It's been an interesting week for cryptocurrencies. Early Saturday morning, the price of Bitcoin (BTC 1.96%) dropped to about $30,400, then steadily rose for the rest of the weekend. By the time the stock market opened on Monday, Bitcoin had returned to the levels it was trading at on June 24, which provided a boost to stocks like MicroStrategy (MSTR 5.90%) and Riot Blockchain (RIOT 9.72%). While they're down a little now from their weekly highs, these two stocks were still up 17% and 10% respectively as of market close on Thursday.
Of course, Bitcoin isn't the only cryptocurrency that's rising in value. Notably, Ether -- the token native to the Ethereum (ETH 3.61%) blockchain -- has risen by around 5% since Monday morning. On the surface, rising values for cryptocurrencies look like a good thing for cryptocurrency exchange Coinbase Global (COIN 7.25%), which explains why it's up by about 8% so far this week. However, some analysts have noted that cryptocurrencies' overall volatility is going down. That's not good for Coinbase's business, which is why the stock gave back some of its gains on Thursday.
MicroStrategy and Riot Blockchain both own bitcoins -- but they acquired them by very different means. As of June 21, MicroStrategy held over 105,000 bitcoins, most of which it purchased with financing from convertible note offerings. These notes carry an interest rate and will eventually come due, meaning MicroStrategy management is counting on Bitcoin's returns to outpace these costs. It's a multibillion-dollar gamble that's currently paying off, considering it purchased its Bitcoin stake at an average price of $26,000 per token.
By contrast, Riot Blockchain validates transactions on the Bitcoin blockchain and is compensated for this service with Bitcoins. In other words, Bitcoin is MicroStrategy's capital allocation strategy, but it's Riot Blockchain's business. In May, Riot Blockchain mined 227 Bitcoins and was holding around 2,000 Bitcoins as of May 31. It should come as no surprise that these stocks rose when Bitcoin's value did.
It was a quiet week for Bitcoin news, but Motley Fool contributor Bram Berkowitz provided some insights as to why Ethereum has been trending higher in recent days. Developers for the Ethereum blockchain network want to transition it to a completely different model -- from proof-of-work to proof-of-stake -- which will make it less of an energy hog. The project is called Ethereum 2.0, and observers note that the network is quickly approaching 6 million Ether being staked. For perspective, that's over 5% of the total supply of the tokens even though Ethereum 2.0 only launched in December. So it seems the transition of blockchain models is progressing well, and that may partly explain why Ethereum has been going up.
That said, there's been a reduction in the price volatility of Bitcoin and Ethereum in recent weeks, which has some analysts pondering Coinbase. As a reminder, 91% of the company's revenue in the first quarter was generated from retail investors' transaction fees. And retail investors tend to transact more when cryptocurrencies are more volatile. This has Mizuho analyst Dan Dolev worried about what Coinbase's third-quarter results look like. According to a brief on finance news website TheFly Thursday, Dolev believes the company's second quarter will be good, but he expects Q3 guidance will be weak, which is why he's maintaining a $225 price target for Coinbase stock -- lower than where it closed trading Thursday.

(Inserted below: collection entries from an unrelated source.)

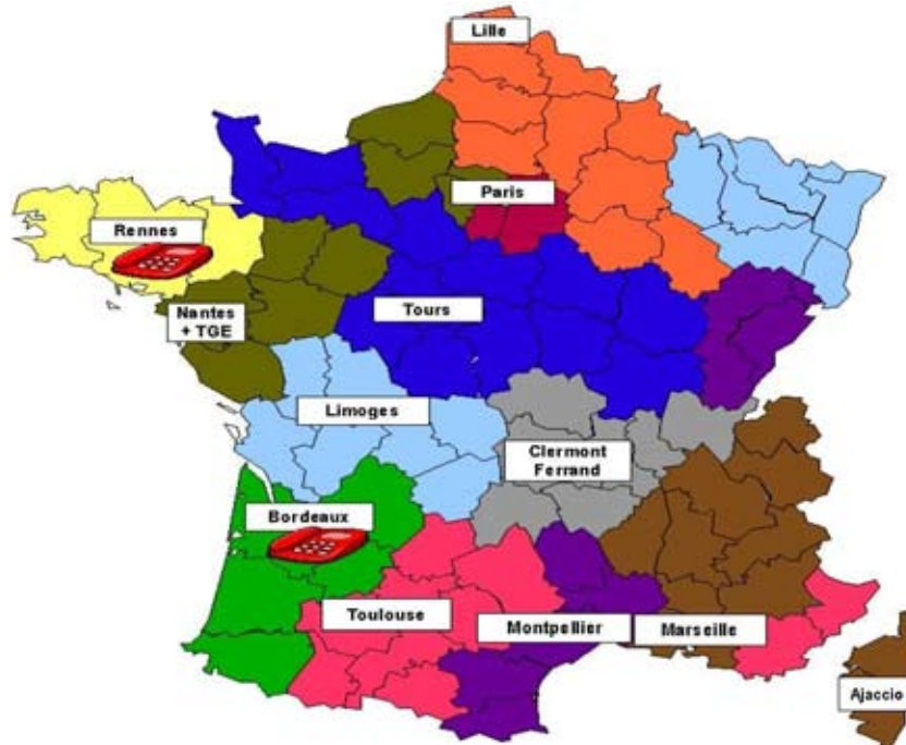
Les CGR en métropole

En termes d'organisation l'année 2011 a marqué un grand pas avec la consolidation du réseau des centres de gestion des retraites et la mise en place d'un guichet unique pour renseigner l'utilisateur et simplifier ses démarches. Le resserrement du réseau des centres de gestion s'est traduit par une modification de la cartographie, avec 12 centres de gestion des retraites (CGR) en France métropolitaine dont 2 sont des centres de services retraite (CSR) situés à Rennes et à Bordeaux et disposant d'un numéro d'appel unique. Désormais l'utilisateur pensionné, par le numéro d'appel unique (0810 10 33 35) peut obtenir une réponse à ses premières interrogations qui, si elles s'avèrent complexes peuvent être relayées au SRE ou au centre de gestion des retraites géographiquement compétent lorsqu'elles sont relatives au paiement.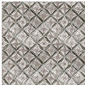
PIETRO Ficelle 09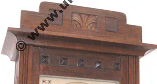
Abbildung 9.14: Geometrisch, abstrakte Motive in die Fläche eingearbeitet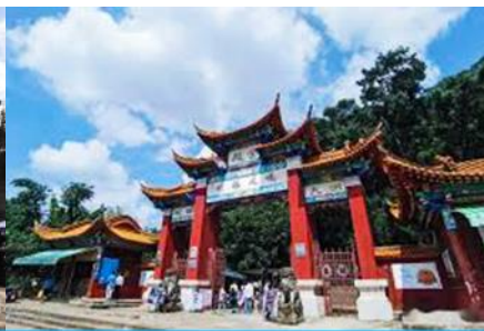
ตำหนักทงจินเตียน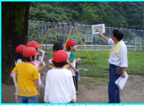
クイズに挑戦する児童ら＝宮崎北部

象に「お届け講座」を行いました。まず、教室で、「紙芝居」による「森林の働きと役割」や「山ではたらく人々の仕事」についての説明を行い、続いて「木の名前当てクイズ」では、全員が元気に手を挙げて問題に答えていました。さらに、校庭の「樹木名や特徴を覚える」コーナーでは、木の葉など、職員手作りの資料をヒントに名前を覚えようと真剣に取り組んでいました。質問コーナーでは、日本の山で働く人はどのくらい、など数多くの質問が出されました。全員が積極的に参加し、「森林のはたらき」や「森林の大切」さな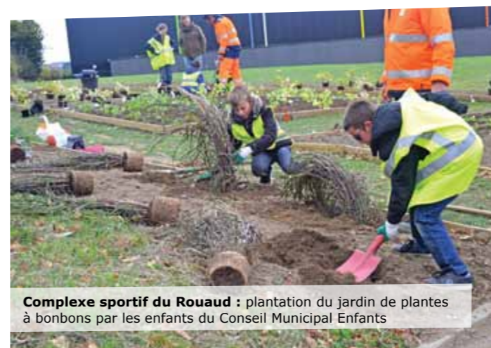
Complexe sportif du Rouaud : plantation du jardin de plantes à bonbons par les enfants du Conseil Municipal Enfants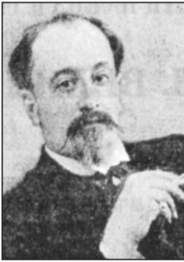
დრო უნდა "განვაახლოთ".

1904 წელს, ამ წიგნის ავტორის ვასილ ველიჩკოს გარდაცვალების შემდეგ, მისი მოსწავლეების მიერ „კავკასიის“ წიგნად გამოცემა ძალზე ააფორიაქა მთელი პლანეტის სომხური მოსახლეობა. ინგლისში მცხოვრებმა სომეხმა დიდგვარმა გულბეგიანმა იმ დროისათვის ზღაპრული თანხა – ხუთი მილიონი ფუნტი სტერლინგი (დღევანდელი კურსით, დაახლოებით სამასი მილიონი დოლარი) – გადაიხადა, რათა ამ წიგნის მთელი ტირაჟი გაყიდულიყო ამოღებულ და გაუნადგურებინათ, მაგრამ, როგორც ხედავთ, ვერაფერს გახდა. თუმცა, სომეხებმა ნაწილობრივ მაინც მიაღწიეს საწადელს, რადგან წინამდებარე წიგნი გახლავთ ვასილ ველიჩკოს მილიონი ნაშრომის პირველი ტომი, მეორე ტომი კი, საერთოდ აღარ გამოშვალა და, ჩვენი დიდი ძიების მიუხედავად, მაინც ვერ მოვახერხეთ მისი პოვნა. როგორც ჩანს, ამ ტომის ხელში ჩაგდება და განადგურება გარკვეული საზღაურის ფასად მაინც მოახერხეს სომეხებმა.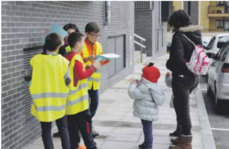
Ikasleak herritarren ohituren inguruko inkestak egiten.

Ekimen honegaz, prebentzioan oinarritutako mugikortasun autonomoa eta arduratsua bultzatu gura izan dute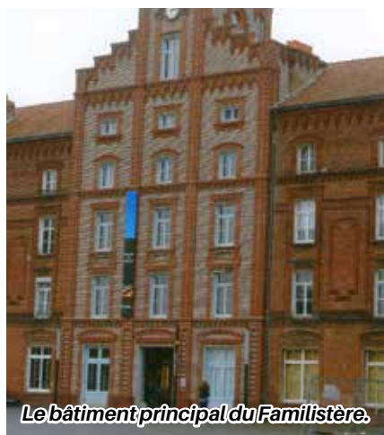
Le bâtiment principal du Familistère.

La trentaine de participants prend place dans le car, direction « Le Cateau-Cambrésis ».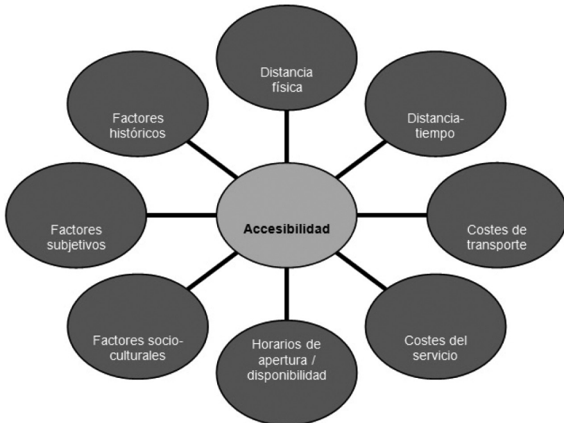
Figura 1 LA NATURALEZA MULTIDIMENSIONAL DE LA ACCESIBILIDAD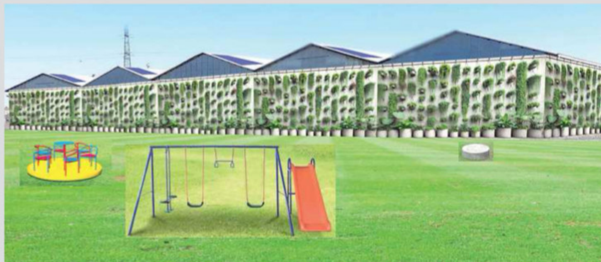
Uno dei progetti vincenti nel contest lanciato da If Festival: un bosco verticale al posto dei capannoni abbandonati a pag. 14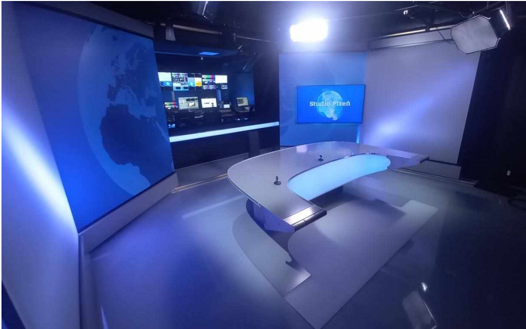
Příloha č. 7: Televizní studio Plzeň

There's quite a variety of business models in the cryptocurrency space. However, the fates of companies like MicroStrategy and Riot Blockchain are tied to what's going on with Bitcoin in particular. Therefore, investors in either of these companies need to understand the thesis for Bitcoin first and foremost. Like Ethereum, Bitcoin is also going through a big transition as it prepares to implement software called Taproot that will give its blockchain more functionality.
If there's any company in the cryptocurrency space that investors ought to get to know, in my opinion, it's Coinbase. According to TipRanks, analysts' price targets for it range from $225 per share to $650 per share. To me, that wide range suggests there's a lot of confusion when it comes to Coinbase's business and how it can create value over time. That confusion may provide investors an opportunity.

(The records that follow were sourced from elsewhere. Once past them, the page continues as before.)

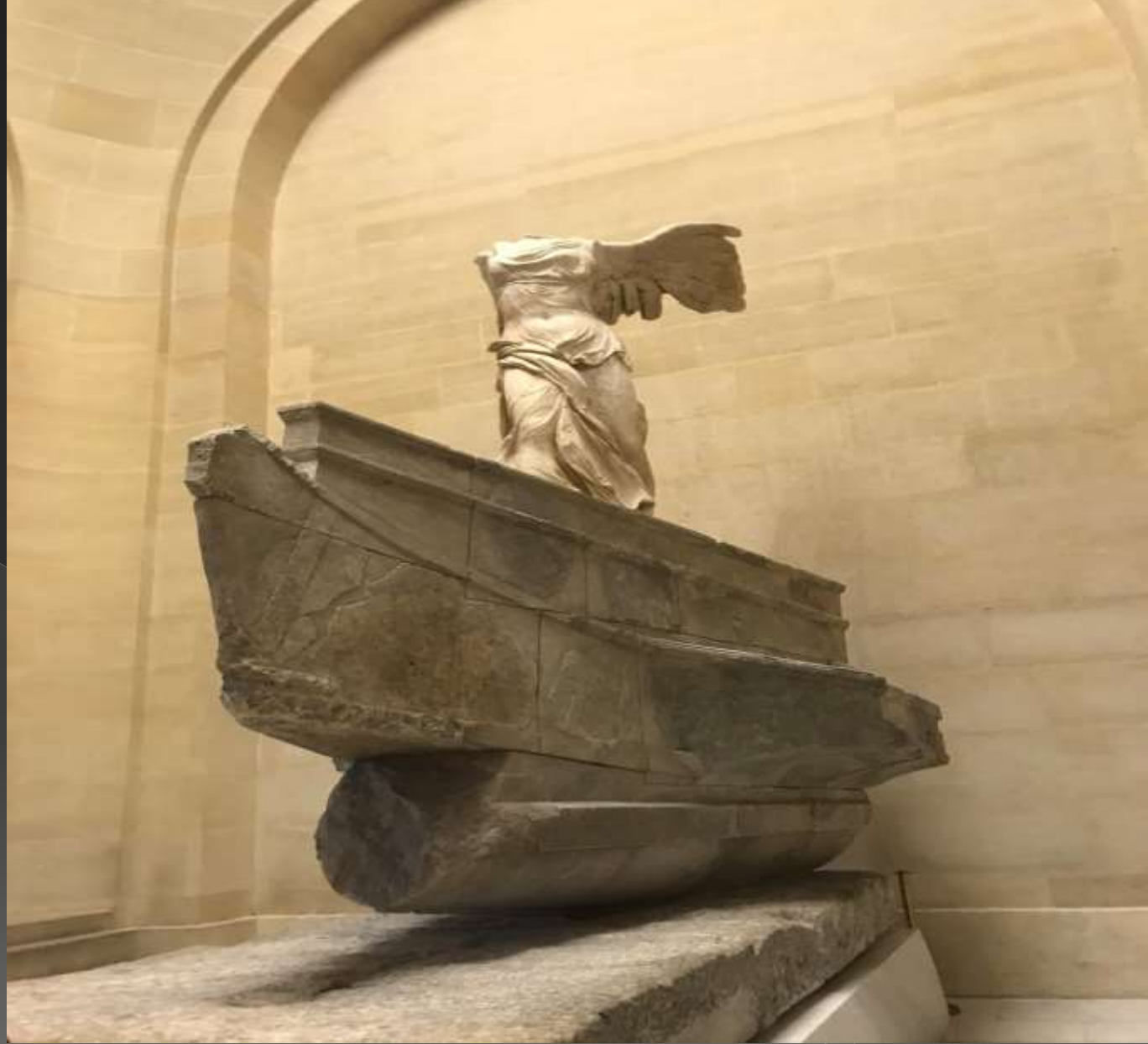
Nike di Samotracia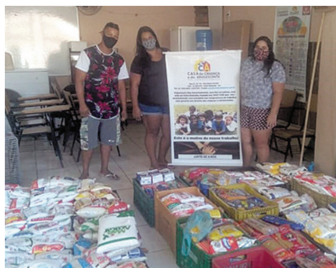
Integrantes da Casa da Criança e do Adolescente de Volta Redonda, recebendo a doação de 1 tonelada de alimentos, através da iniciativa da Corinto Center Park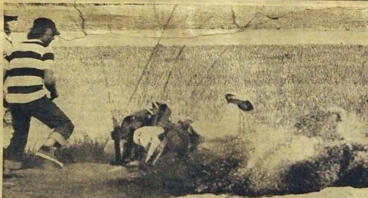
Pehmeälle maalialueelle on turvallista tulla kovemmallakin vauhdilla.

Rautian kanssa rakentaminen sujuu asian- tuntemuksella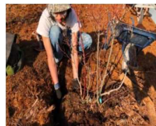
耕作放棄地の整備

Don't overlook that its revenue is correlated with retail trading volumes -- for now, Coinbase benefits from volatility. But with 56 million users, perhaps the company has some optionality to expand into other cryptocurrency services that could give its revenues more stability. I'm not saying it's a stock to buy today. But with that many users and with analysts' opinions so divided, it's certainly not a stock investors should blindly dismiss either.